南アジアへ目を向けてみましょう。2015年以来、中共は密かに隣国の土地に、3つの村を建設してきました。その隣国とはブータンです。メリーランド州より少し面積の大きい国です。
ブータンはアジアの二大勢力である中国とインドに挟まれた特異な位置にあります。
米ニュース誌「フォーリン・ポリシー」の報道によると、中共はブータンの北部に、3つの村と5つの軍の前哨基地、7つの道路等の建設を行いました。現在まで少なくとも100人の住民がその村に移り住んでおり、中共政権はこの動きを恥じてはいません。
中共メディアの報道は、当局者の一団がその新しい村々の住民を訪問する様子を写真や映像で紹介していますが、その土地がブータン領土であるという肝心な情報は省略されています。

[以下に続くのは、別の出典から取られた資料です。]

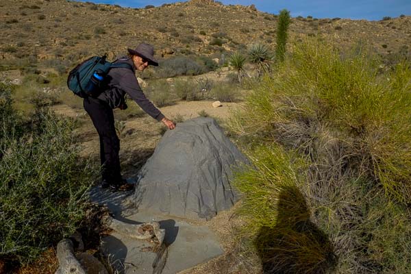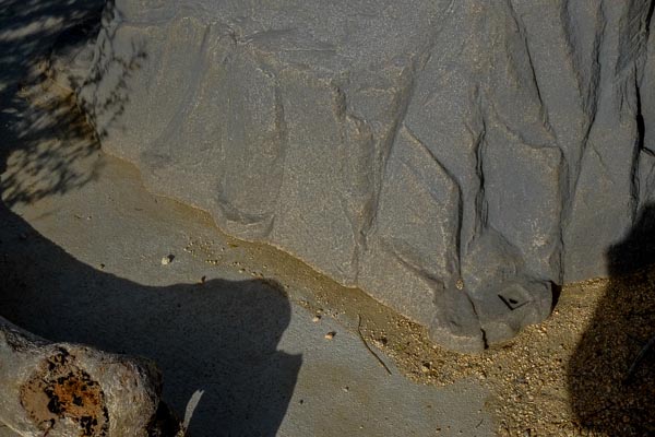The Fake Rock. It is made of some kind of very tough material, clearly designed to withstand the heat and stress of atmospheric re-entry. Note the machined bolt-hole, where the original landing mechanism was attached. We note the park rangers give this thing a wide birth. It also makes that low thrumming sound. We are starting to wonder if the "flood" story for this trail is some kind of coverup.
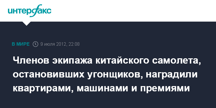 Пекин. 9 июля. INTERFAX.RU - Члены экипажа, предотвратившие угон самолета в Китае, получат щедрое вознаграждение, сообщают в понедельник местные СМИ.

ブータンはこれまでのところ沈黙を守っています。ブータンの政治評論家は、「2つの大国に挟まれた小国」であるブータンの戦略は「いずれの国とも不要な争いを避ける」ことだといいます。
しかし中共政権は、その土地を掌握することを最終の目標としているのではなく、政権はもっと重要な何かを狙っているようです。中共が建設を進めているのは、ベユル(Beyul)という地域周辺です。そして中共政権は90年代からこの地域の領有権を主張し、交渉の材料として利用してきました。
もしブータンが西側の国境沿いにある大きな土地を中共に譲渡するなら、中共政権はベユルの領有権を放棄してもよい、という提案をしています。

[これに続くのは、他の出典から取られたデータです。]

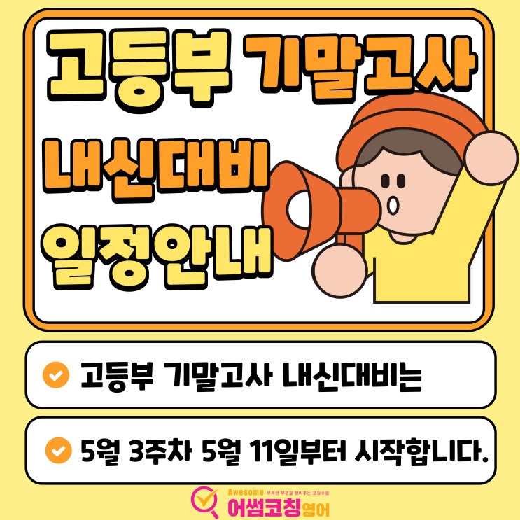 [월성동 어썸코칭영어학원] 고등부 기말고사 내신대비, 5월 11일부터 시작합니다.

その西側の地域は、中共にとって重要な意味をもちます。この地域を押さえれば中共政権はインドとの軍事的競合で優位に立つことができるからです。その地域とは、インドの弱点の一つである、インド本土と北東部をつなぐ細長い回廊地域です。インドはこの地域を「チキンネック(鶏の首)」と呼んでいます。しかしブータンとの交渉はうまくいっていません。

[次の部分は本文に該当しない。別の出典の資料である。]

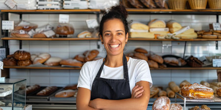 Portrait of a smiling female baker standing with arms crossed in bakery
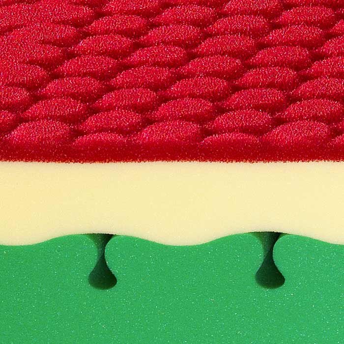 PARTICOLARE DELLA LASTRA MEMORY A ONDA A 5 ZONE SPESSORE 5 CM. DENSITA’ 40 Kg. M3. KPA 2 INDEFORMABILE.
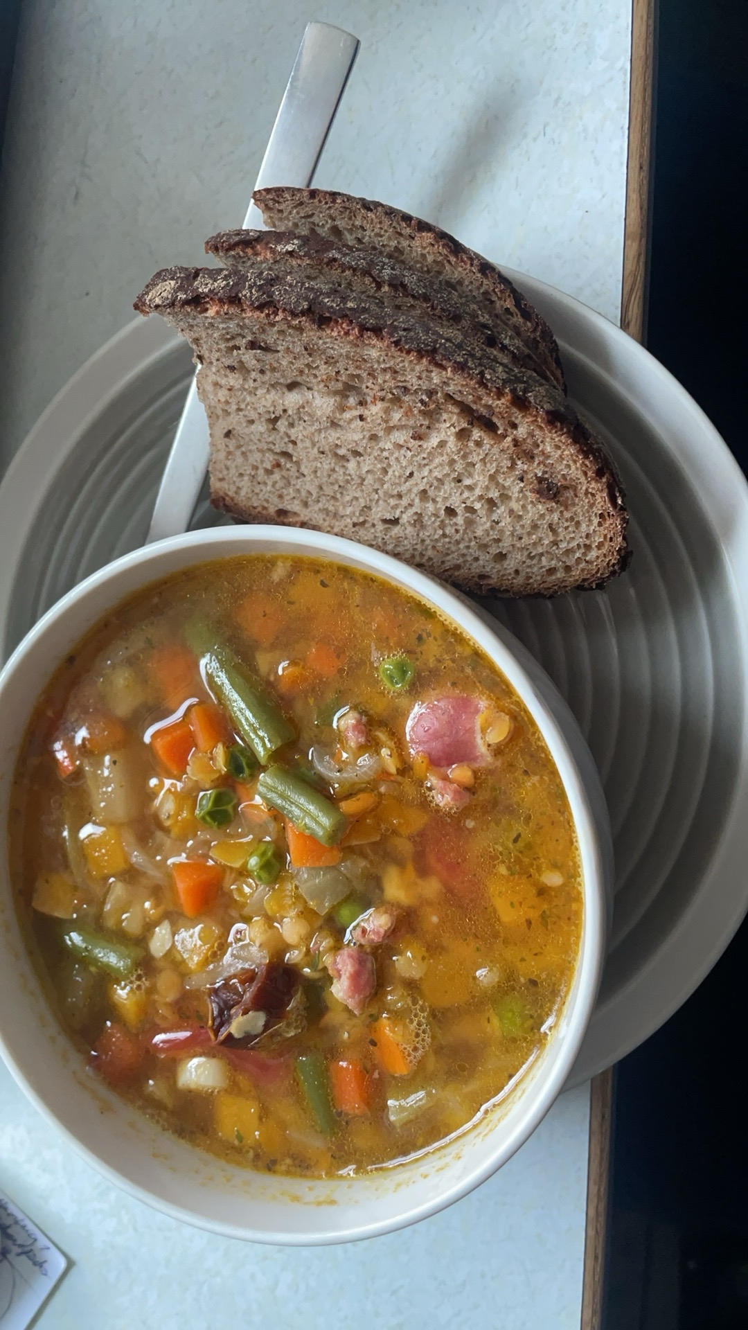 地中海蔬菜汤配黑麦面包,这个地中海蔬菜汤是真的好喝,用的冷冻蔬菜不用切洗方便多了

中共政権は数年来、様々な方法でブータンに圧力をかけています。すでに国境を越えて兵士を送り込み、国境を越えて道路を建設しています。
中共は最近、さらに圧力を強めているようです。しかし、ブータンに対する中共政権の戦略は、必ずしも特異なものではありません。
中共政権は、他の係争地域に対しても同様の戦術を駆使しており、中共はインドとの係争地域でも同様に村を建設しています。
また南シナ海では、ベトナムやフィリピンが領有権を主張している岩礁に人工島を建設しました。中国共産党の習近平総書記がオバマ元大統領に対して「そのようなことはしない」と約束したにもかかわらずです。